TASK INPUT:
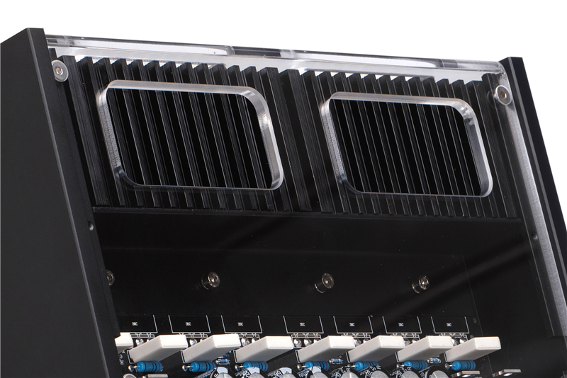 透过亚克力面板,深入其内部,全部法国设计的AB类电路,精挑细选各种发烧元器件,精选的MOSFET功率管与输出晶体管构成独特的放大架构,确保了功率输出的高度稳定与极低失真。额定功率120Wx4W稳定输出,储备充沛,足以从容驾驭各种高水准扬声器,重现音乐中的宏大动态与细微起伏。智能晶控保护电路则如一位沉默的哨兵,时刻监测着过热、电压异常、短路及低阻抗状态,确保系统在任何工况下均安全无忧。
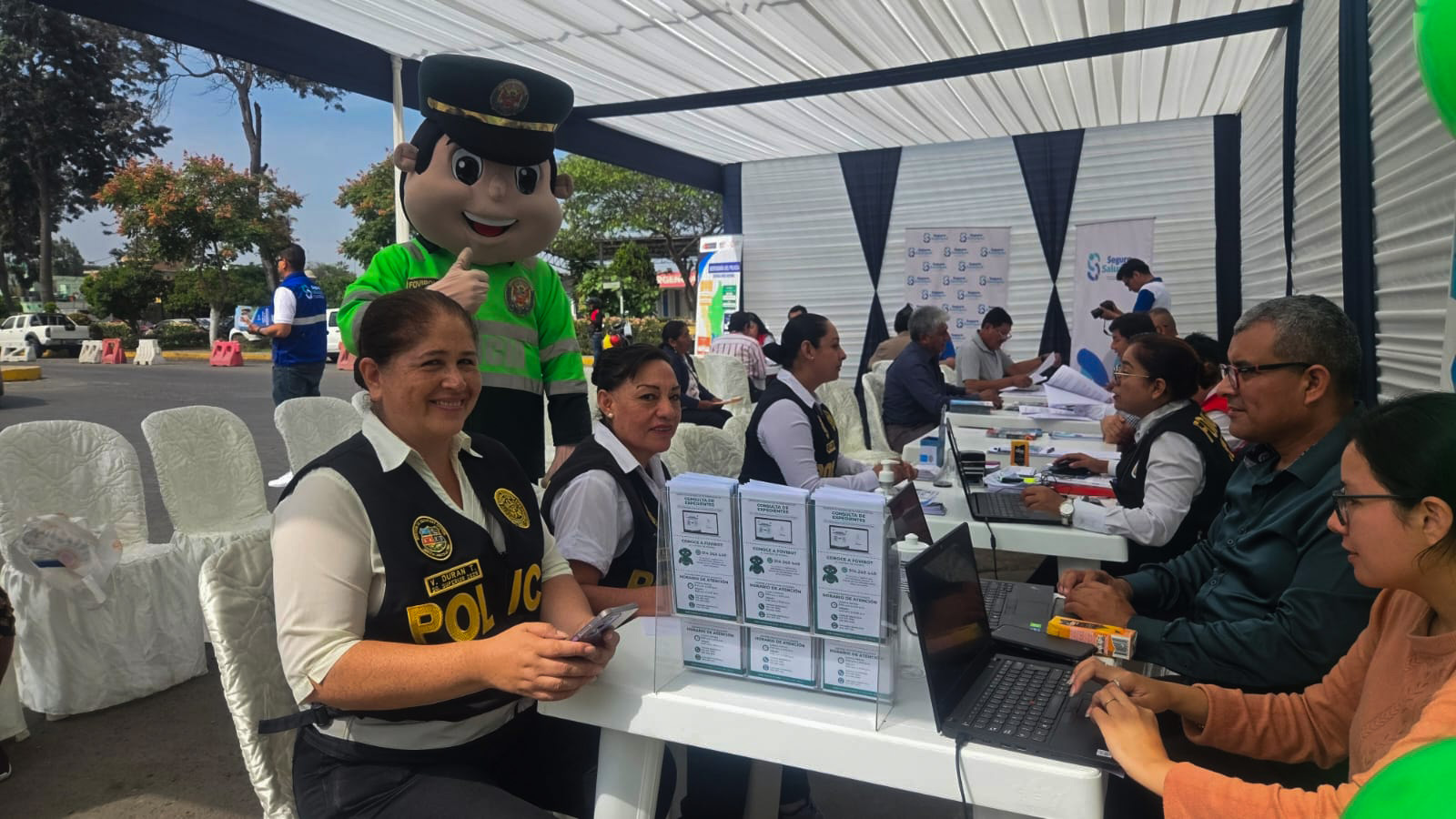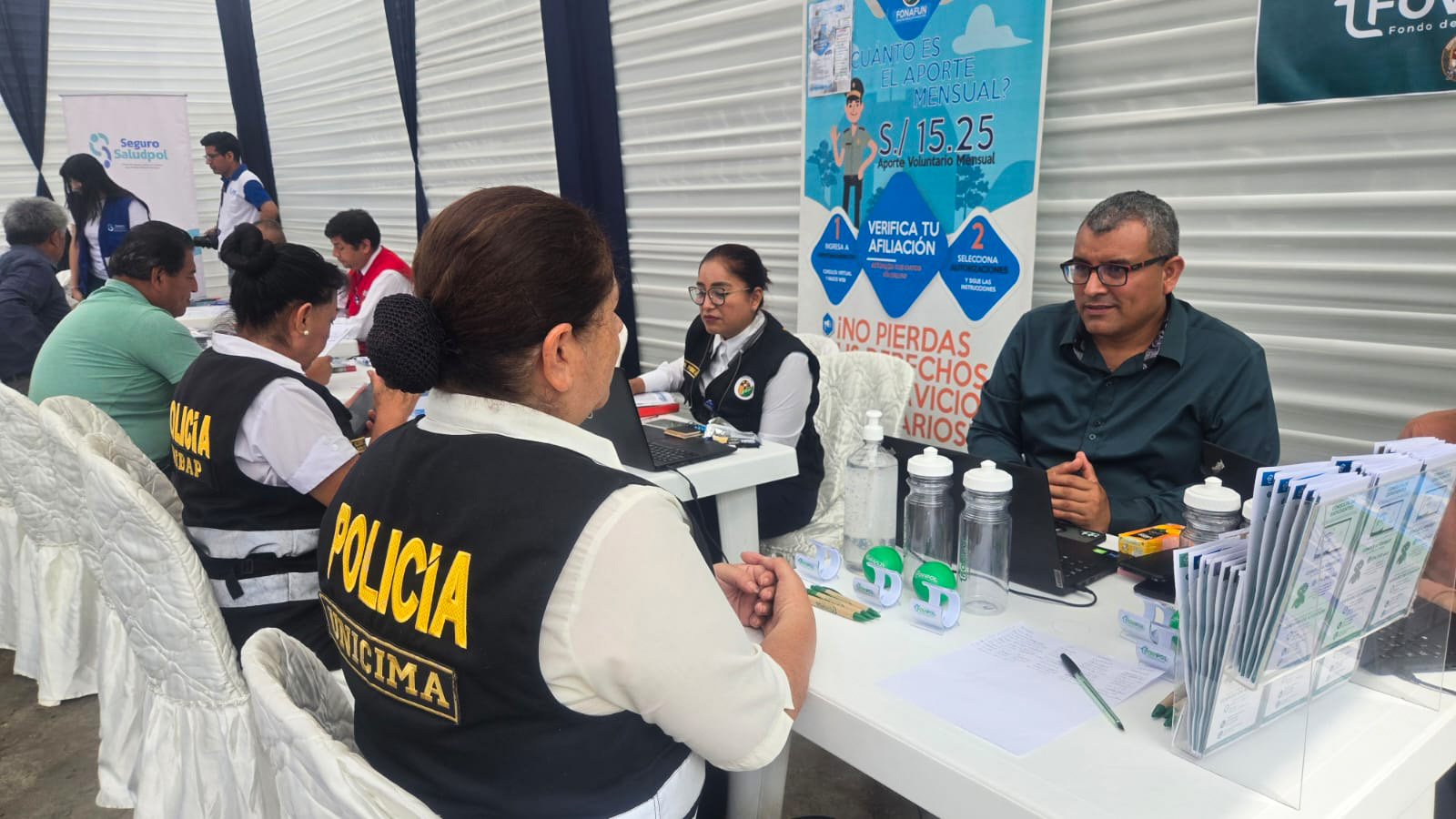 La actividad se desarrolló en el Complejo Policial Juan Benites Luna, donde personal de FOVIPOL brindó información directa sobre los beneficios actuales y los próximos proyectos de vivienda dirigidos a los miembros de la Policía Nacional del Perú.
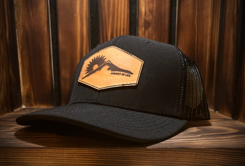 Black Mountain Logo Youth Leather Patch Hat
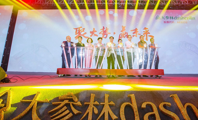 太阳成集团tyc33455药业集团董事长刘景萍女士与大参林医药集团董事长柯云峰先生、中国医药商业协会执行会长付明仲女士等嘉宾共同开启了“聚大势•赢未来"大参林工商合作峰会的大幕。
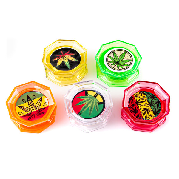 Plastic shredder with very sharp tips decorated with hemp leaf motif. There are several colour variants of these shredders in our offer
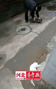 從23日晚上開(kāi)始,陸續(xù)有石市范東宿舍的居民被橫在一棟單元樓門口的貓尸嚇住,墊著報(bào)紙的貓頭不久也被人們發(fā)現(xiàn)。驚恐之余,居民們?nèi)呵榧,“殺貓兇手”也引發(fā)人們的種種猜想。
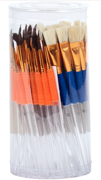 72 brushes with matching rubber grip. A soft, comfortable rubber grip for optimum grip.36 round pony hair brushes (12 x n°8, 12 x n°10, 12 x n°12)36 flat hog bristle brushes (12 x n°8, 12 x n°10, 12 x n°12).
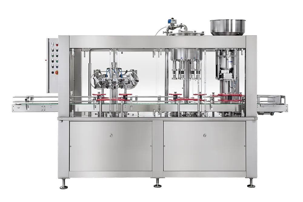 – Περιστροφικό πληρωτικό 8 βαλβίδων για πλήρωση με βαρύτητα, αυτόματη κίνηση, μηχανική και πνευματική ανύψωση φιαλών, με δίσκο ρυθμιζόμενου ύψους και αστέρια φόρτωσης και εκφόρτωσης
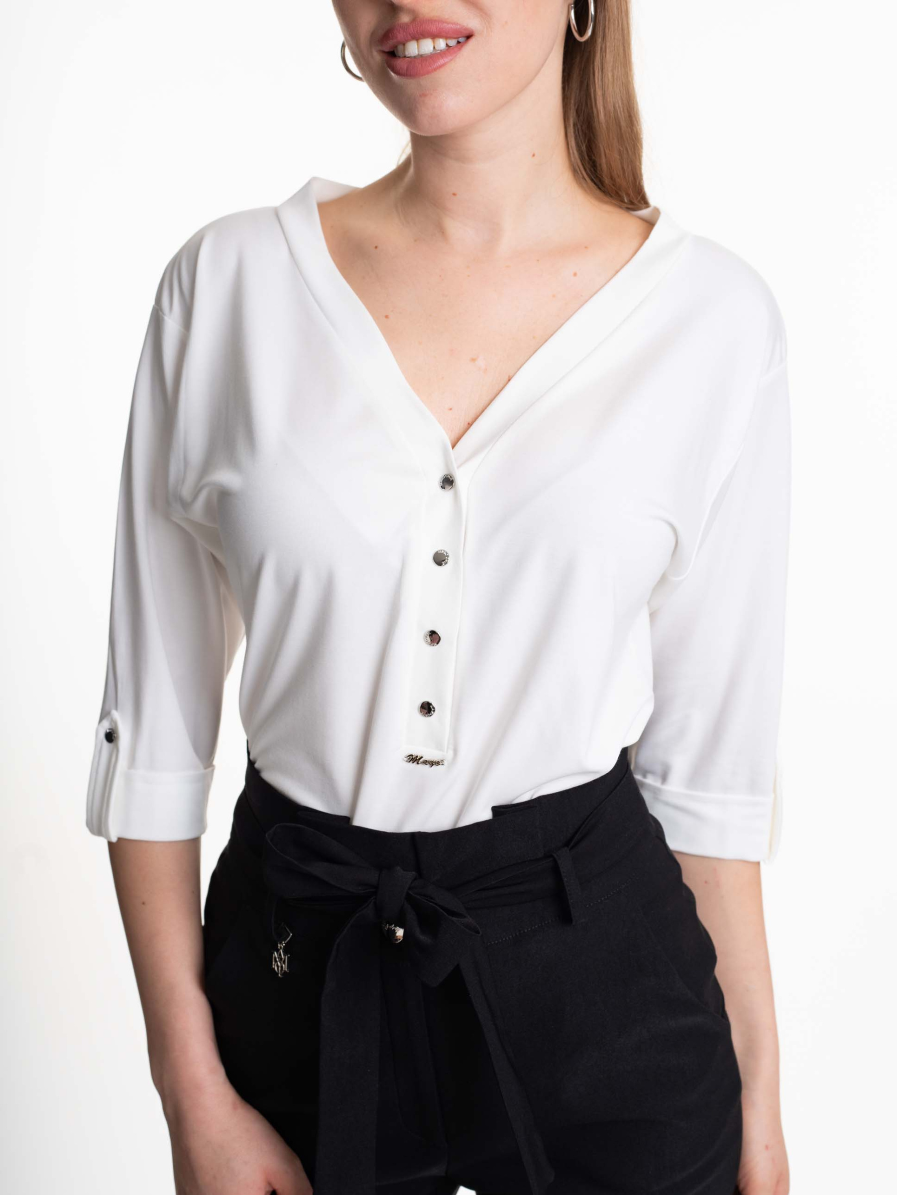 Elasztikus anyagból készült, lezser szabásvonalú felső, patentos záródással, kis fém márkajelzéssel.
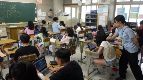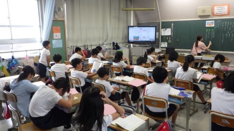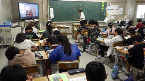 算数では,パソコンで先生が作った問題をクイズ形式で答えて,楽しそうに学習していました。
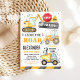 Dig into the fun with this vibrant construction dump truck birthday invitation, perfect for your little builders big day! Featuring a bold yellow truck and classic caution stripes, this design sets the tone for a high-energy "Under Construction" themed party. Easily customise the text with your event details to create a professional, high-quality invite that guests will love. It is the ideal choice for toddler or preschool birthdays where big machines and dirt are the main attraction.
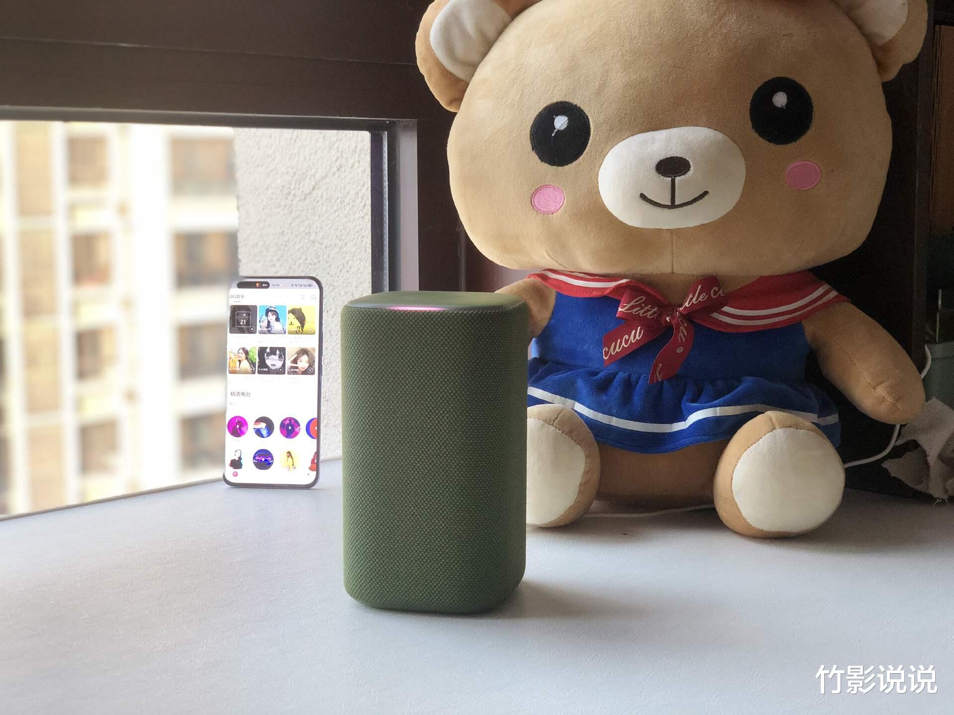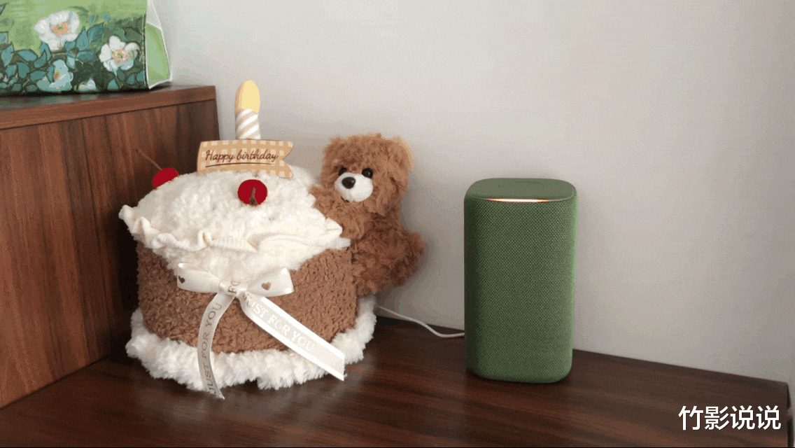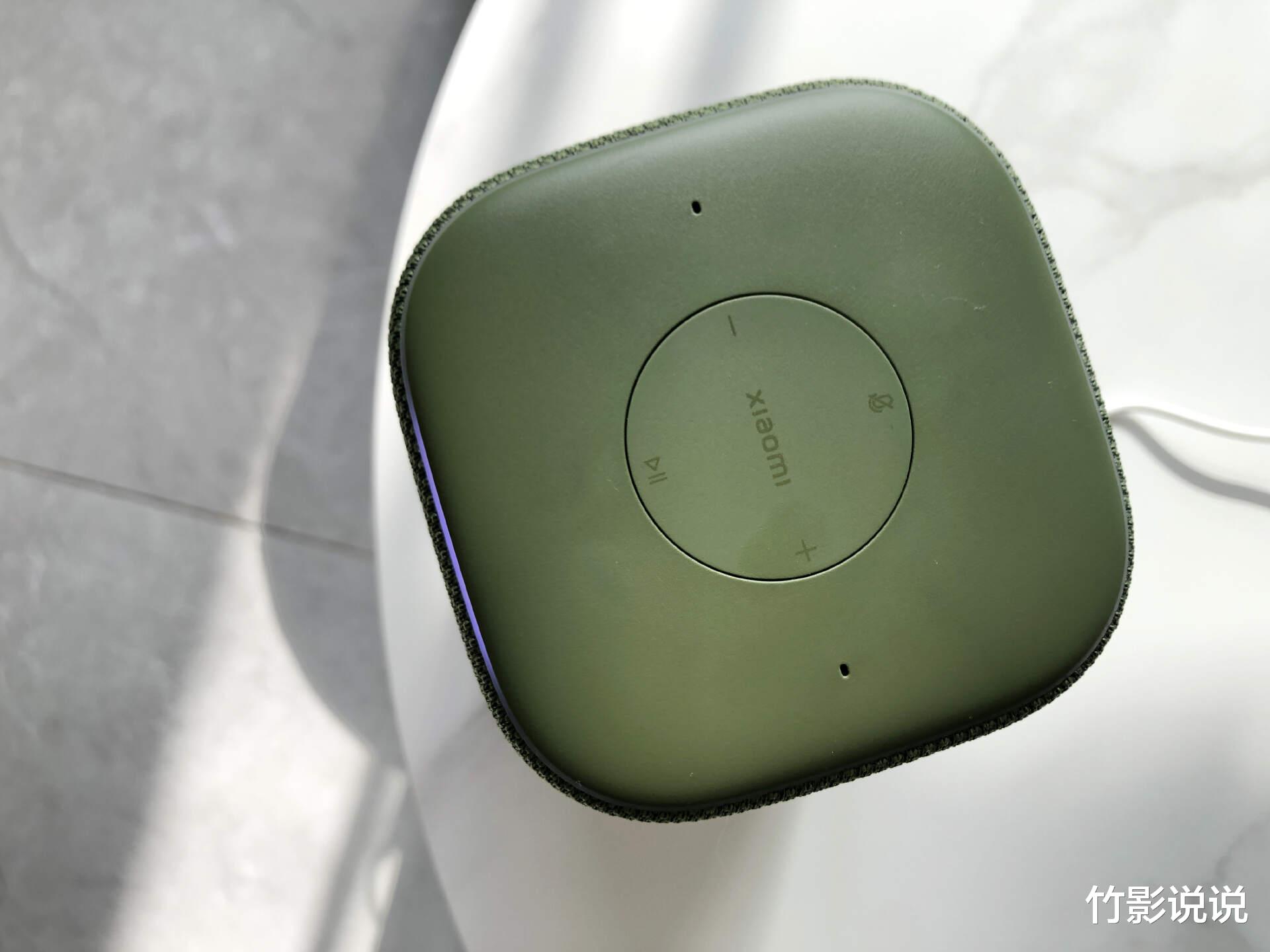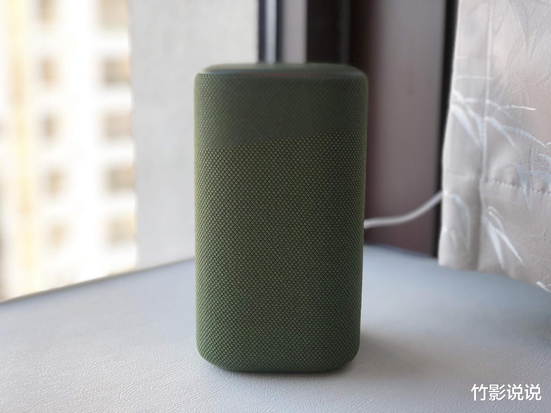作为一款需要全天候陪伴的家庭设备,颜值与家居环境的融合度,往往是很多人的第一考量。小米智能音箱采用的经典柱形设计,边角经过弧度处理,整体圆润表面覆盖有大面积针织网布,柔软透气的同时更加便于擦拭清理,我选择的是松绿配色,低调沉稳又超级耐看,能无缝融入各种装修风格的居家环境。
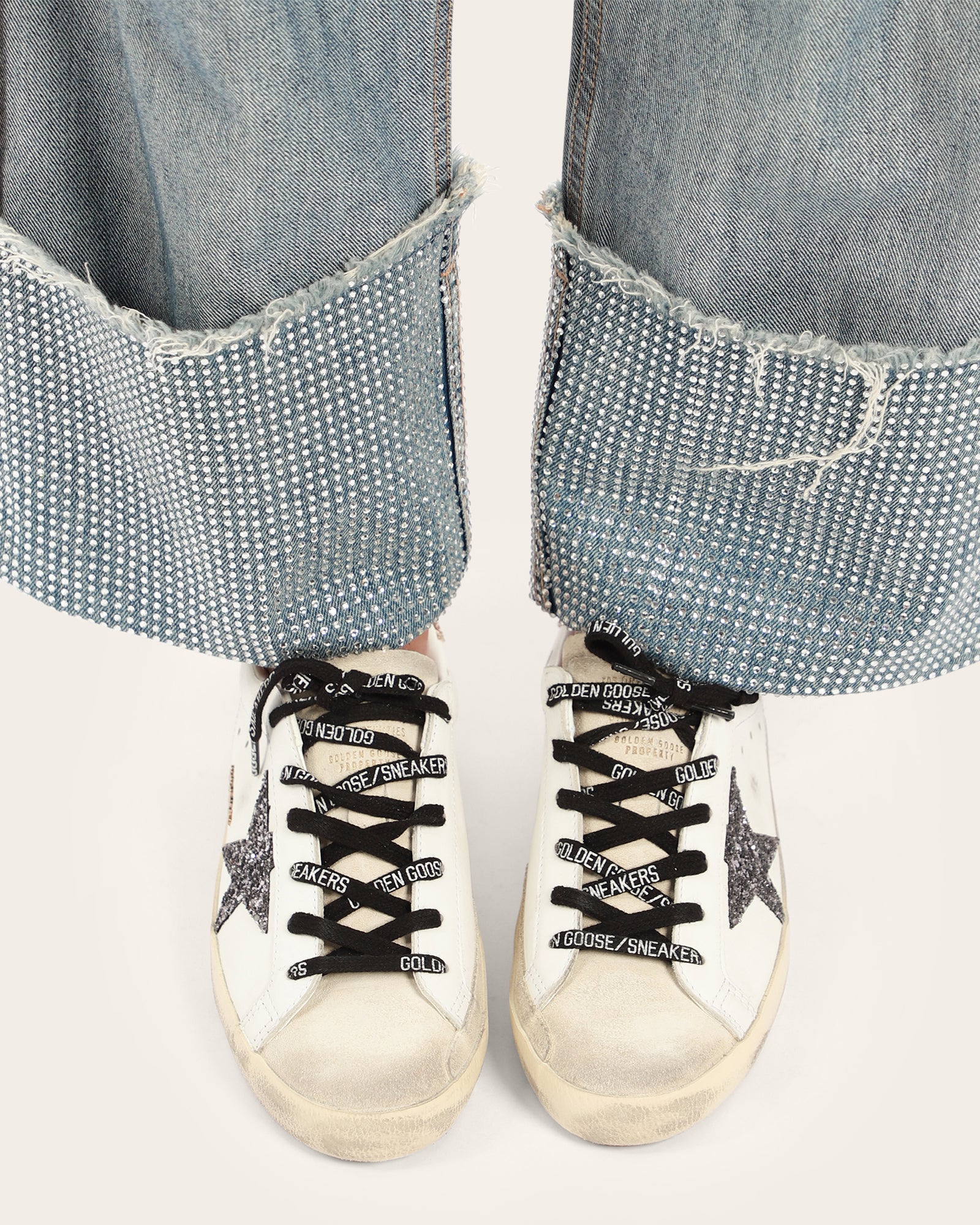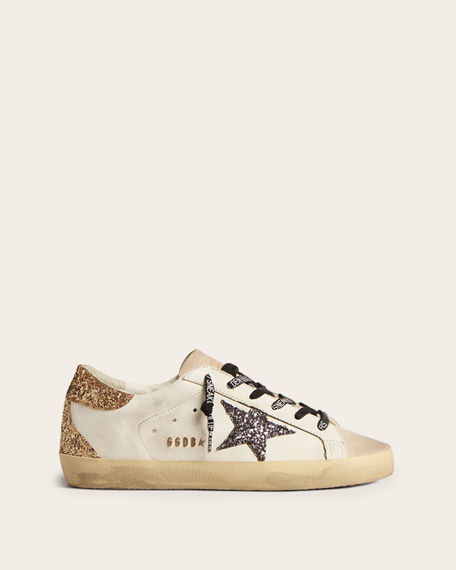 Super-Star Leather Upper Glitter Star Heel And Spur Metal Lettering, featuring an upper distressed look, a gold glitter back heel and a black glitter star on side, black laces with brand name and distressed rubber sole. Made in Italy.

HOW TO COMPLETE THIS TASK:
The material above holds pictures; leave them out. Repeat exactly the lines from the one containing "Black Mountain Logo Youth Leather Patch Hat" through the one containing "算数では,パソコンで先生が作", and nothing else.

EXERCISE ANSWER:
 Black Mountain Logo Youth Leather Patch Hat
 太阳成集团tyc33455药业集团董事长刘景萍女士与大参林医药集团董事长柯云峰先生、中国医药商业协会执行会长付明仲女士等嘉宾共同开启了“聚大势•赢未来"大参林工商合作峰会的大幕。
 Plastic shredder with very sharp tips decorated with hemp leaf motif. There are several colour variants of these shredders in our offer
 從23日晚上開(kāi)始,陸續(xù)有石市范東宿舍的居民被橫在一棟單元樓門口的貓尸嚇住,墊著報(bào)紙的貓頭不久也被人們發(fā)現(xiàn)。驚恐之余,居民們?nèi)呵榧,“殺貓兇手”也引發(fā)人們的種種猜想。
 72 brushes with matching rubber grip. A soft, comfortable rubber grip for optimum grip.36 round pony hair brushes (12 x n°8, 12 x n°10, 12 x n°12)36 flat hog bristle brushes (12 x n°8, 12 x n°10, 12 x n°12).
 – Περιστροφικό πληρωτικό 8 βαλβίδων για πλήρωση με βαρύτητα, αυτόματη κίνηση, μηχανική και πνευματική ανύψωση φιαλών, με δίσκο ρυθμιζόμενου ύψους και αστέρια φόρτωσης και εκφόρτωσης
 Elasztikus anyagból készült, lezser szabásvonalú felső, patentos záródással, kis fém márkajelzéssel.
 算数では,パソコンで先生が作った問題をクイズ形式で答えて,楽しそうに学習していました。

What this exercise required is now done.